I input a arbitrary matrix as such:
2 1 1
1 2 1
1 1 2
And got it to calculate the inverse and I got the correct result:
0.75 -0.25 -0.25
-0.25 0.75 -0.25
-0.25 -0.25 0.75
But when I tried multiplying the two together to make sure I got the identity matrix I get:
1 5.5111512e-017 0
0 1 0
-1.11022302e-0.16 0 1
Why am I getting these results? I would understand if I was multiplying weird numbers where I could understand some rounding errors but the sum it's doing is:
2 * -0.25 + 1 * 0.75 + 1 * -0.25
which is clearly 0, not 5.111512e-017
If I manually get it to do the calculation; eg:
std::cout << (2 * -0.25 + 1 * 0.75 + 1 * -0.25) << "\n";
I get 0 as expected?
All the numbers are represented as doubles.
Here's my multiplcation overload:
Matrix operator*(const Matrix& A, const Matrix& B)
{
if(A.get_cols() == B.get_rows())
{
Matrix temp(A.get_rows(), B.get_cols());
for(unsigned m = 0; m < temp.get_rows(); ++m)
{
for(unsigned n = 0; n < temp.get_cols(); ++n)
{
for(unsigned i = 0; i < temp.get_cols(); ++i)
{
temp(m, n) += A(m, i) * B(i, n);
}
}
}
return temp;
}
throw std::runtime_error("Bad Matrix Multiplication");
}
and the access functions:
double& Matrix::operator()(unsigned r, unsigned c)
{
return data[cols * r + c];
}
double Matrix::operator()(unsigned r, unsigned c) const
{
return data[cols * r + c];
}
Here's the function to find the inverse:
Matrix Inverse(Matrix& M)
{
if(M.rows != M.cols)
{
throw std::runtime_error("Matrix is not square");
}
int r = 0;
int c = 0;
Matrix augment(M.rows, M.cols*2);
augment.copy(M);
for(r = 0; r < M.rows; ++r)
{
for(c = M.cols; c < M.cols * 2; ++c)
{
augment(r, c) = (r == (c - M.cols) ? 1.0 : 0.0);
}
}
for(int R = 0; R < augment.rows; ++R)
{
double n = augment(R, R);
for(c = 0; c < augment.cols; ++c)
{
augment(R, c) /= n;
}
for(r = 0; r < augment.rows; ++r)
{
if(r == R) { continue; }
double a = augment(r, R);
for(c = 0; c < augment.cols; ++c)
{
augment(r, c) -= a * augment(R, c);
}
}
}
Matrix inverse(M.rows, M.cols);
for(r = 0; r < M.rows; ++r)
{
for(c = M.cols; c < M.cols * 2; ++c)
{
inverse(r, c - M.cols) = augment(r, c);
}
}
return inverse;
}

Please read this paper: What Every Computer Scientist Should Know About Floating-Point Arithmetic

You've got numbers like 0.250000000000000005 in your inverted matrix, they're just rounded for display so you see nice little round numbers like 0.25.

You shouldn't have any problems with these numbers, since with this particular matrix the inverse is all power of 2's and may be represented accurately.
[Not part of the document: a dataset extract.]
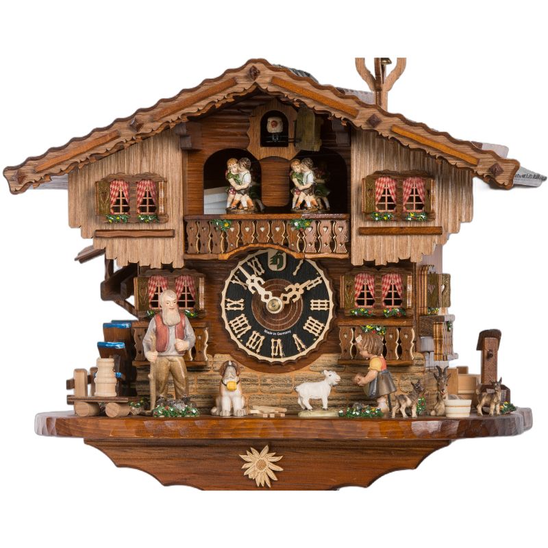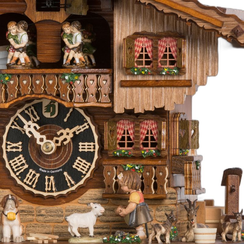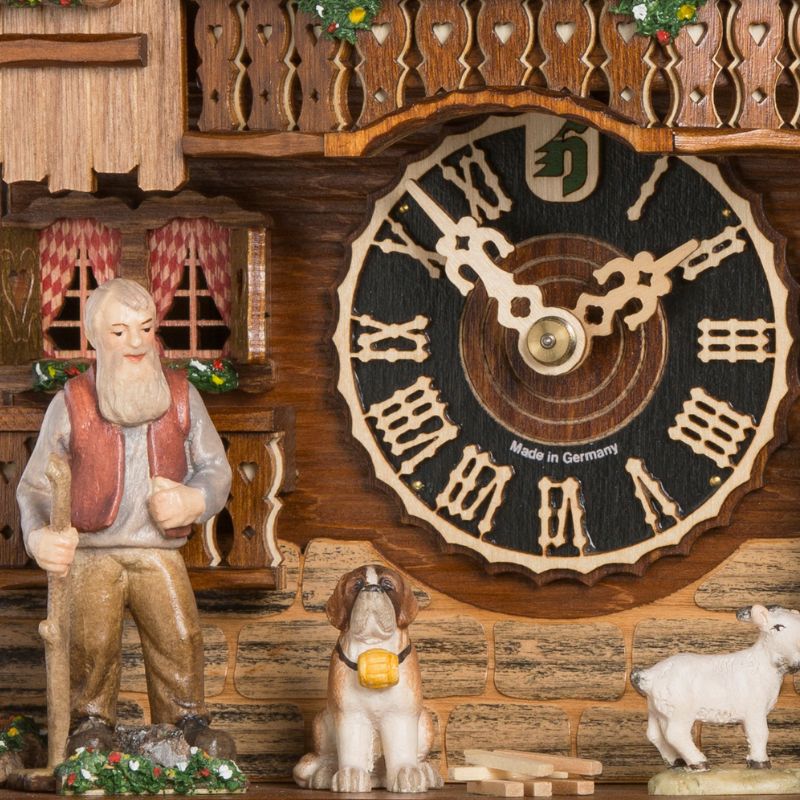 Fabriqué par Hönes, ce coucou musical Heidi met en scène la fillette nourrissant sa chèvre. La scène est complétée par son grand-père et son Saint-Bernard.
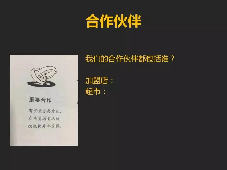 合作伙伴包括企业核心业务所涉及或者依赖的上下游服务商,甚至是竞争对手(有一天你也有可能会收购别人或者是被别人并购的哦,滴滴快的Uber/新美大/58赶集/京东拍拍/搜狗搜搜就是活生生的案例)。

In general, operations on floating point numbers introduce small errors that may accumulate and the results may be surprising.
In your case, I'm pretty sure the inverse is inaccurate and you're just displaying the first few digits. I.e., it isn't exactly 0.25 (=1/4), 0.75 (=3/4), etc.

You're always going to run into floating point rounding errors like this, especially when working with numbers that do not have exact binary representations (i.e., your numbers are not equal to 2^(N) or 1/(2^N), where N is some integer value).
That being said, there are a number of ways to increase the precision of your results, and you may want to-do a google search for numerically stable gaussian elimination algorithms using fixed-precision floating point values.
You can also, if you are willing to take a speed hit, incorporate an inifinite-precision math library that uses rational numbers, and if you take that choice, just avoid the use of roots which can create irrational numbers. There are a number of libraries out there that can help you with the use of rational numbers, such as GMP. You can also make a rational class yourself, although beware it's relatively easy to overflow the results of multiple math operations if you are only using unsigned 64-bit values along with an extra sign-flag variable for the components of your rational numbers. That's where GMP, with it's unlimited-length integer string objects comes in handy.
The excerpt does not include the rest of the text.